▸ MATERIAL SHOWN

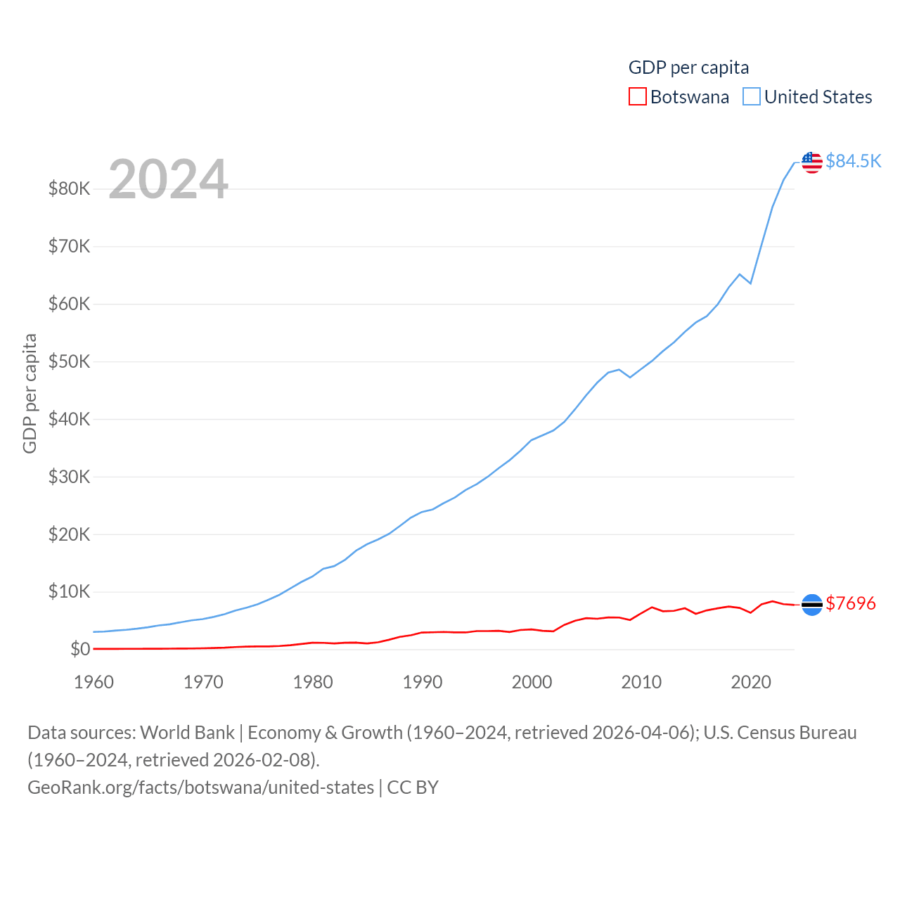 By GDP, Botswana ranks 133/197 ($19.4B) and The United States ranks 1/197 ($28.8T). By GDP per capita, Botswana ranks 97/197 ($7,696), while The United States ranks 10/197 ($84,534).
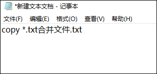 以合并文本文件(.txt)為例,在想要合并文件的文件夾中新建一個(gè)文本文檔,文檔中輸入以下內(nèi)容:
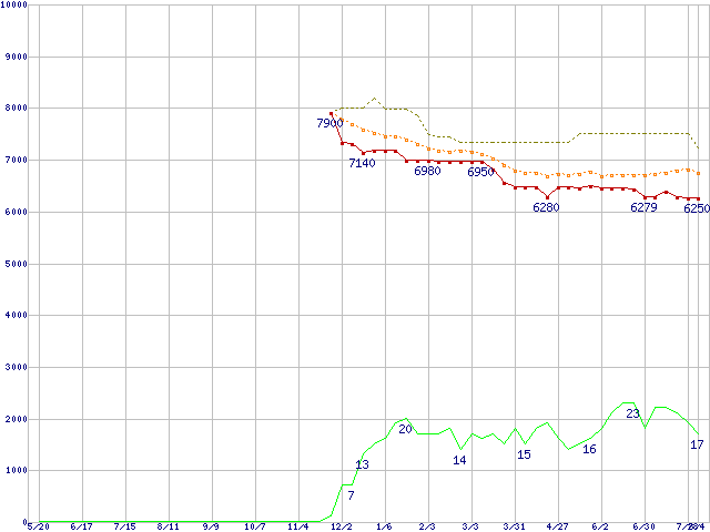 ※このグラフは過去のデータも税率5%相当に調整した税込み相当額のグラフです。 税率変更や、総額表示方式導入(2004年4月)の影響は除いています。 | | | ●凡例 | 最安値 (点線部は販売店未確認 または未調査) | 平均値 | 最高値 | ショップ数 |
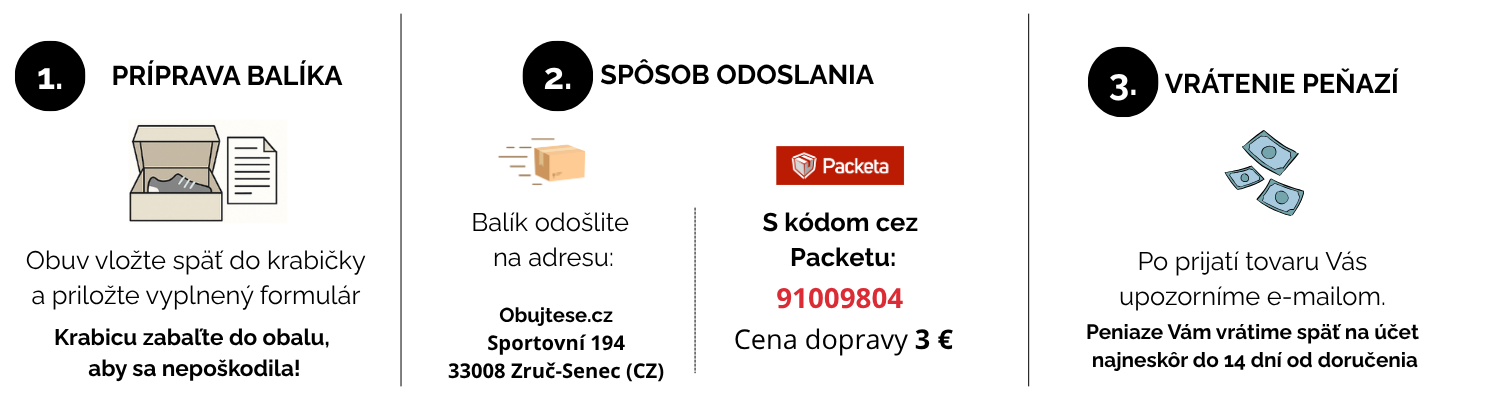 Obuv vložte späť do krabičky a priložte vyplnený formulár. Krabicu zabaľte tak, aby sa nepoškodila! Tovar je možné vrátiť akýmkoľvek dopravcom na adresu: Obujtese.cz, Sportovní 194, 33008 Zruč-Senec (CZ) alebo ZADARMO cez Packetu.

---

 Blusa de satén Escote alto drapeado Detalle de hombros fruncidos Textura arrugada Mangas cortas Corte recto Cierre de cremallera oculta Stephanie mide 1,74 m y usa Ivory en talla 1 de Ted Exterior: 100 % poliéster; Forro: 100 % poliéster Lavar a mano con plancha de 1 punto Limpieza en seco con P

▸ TASK REQUIREMENTS
Find where the line with "By GDP, Botswana" sits in the material above and where the line with "Obuv vložte späť" sits. Set down exactly the lines from the first to the second, both included and nothing else, without pictures.

▸ FINISHED TASK
 By GDP, Botswana ranks 133/197 ($19.4B) and The United States ranks 1/197 ($28.8T). By GDP per capita, Botswana ranks 97/197 ($7,696), while The United States ranks 10/197 ($84,534).
 以合并文本文件(.txt)為例,在想要合并文件的文件夾中新建一個(gè)文本文檔,文檔中輸入以下內(nèi)容:
 ※このグラフは過去のデータも税率5%相当に調整した税込み相当額のグラフです。 税率変更や、総額表示方式導入(2004年4月)の影響は除いています。 | | | ●凡例 | 最安値 (点線部は販売店未確認 または未調査) | 平均値 | 最高値 | ショップ数 |
 Obuv vložte späť do krabičky a priložte vyplnený formulár. Krabicu zabaľte tak, aby sa nepoškodila! Tovar je možné vrátiť akýmkoľvek dopravcom na adresu: Obujtese.cz, Sportovní 194, 33008 Zruč-Senec (CZ) alebo ZADARMO cez Packetu.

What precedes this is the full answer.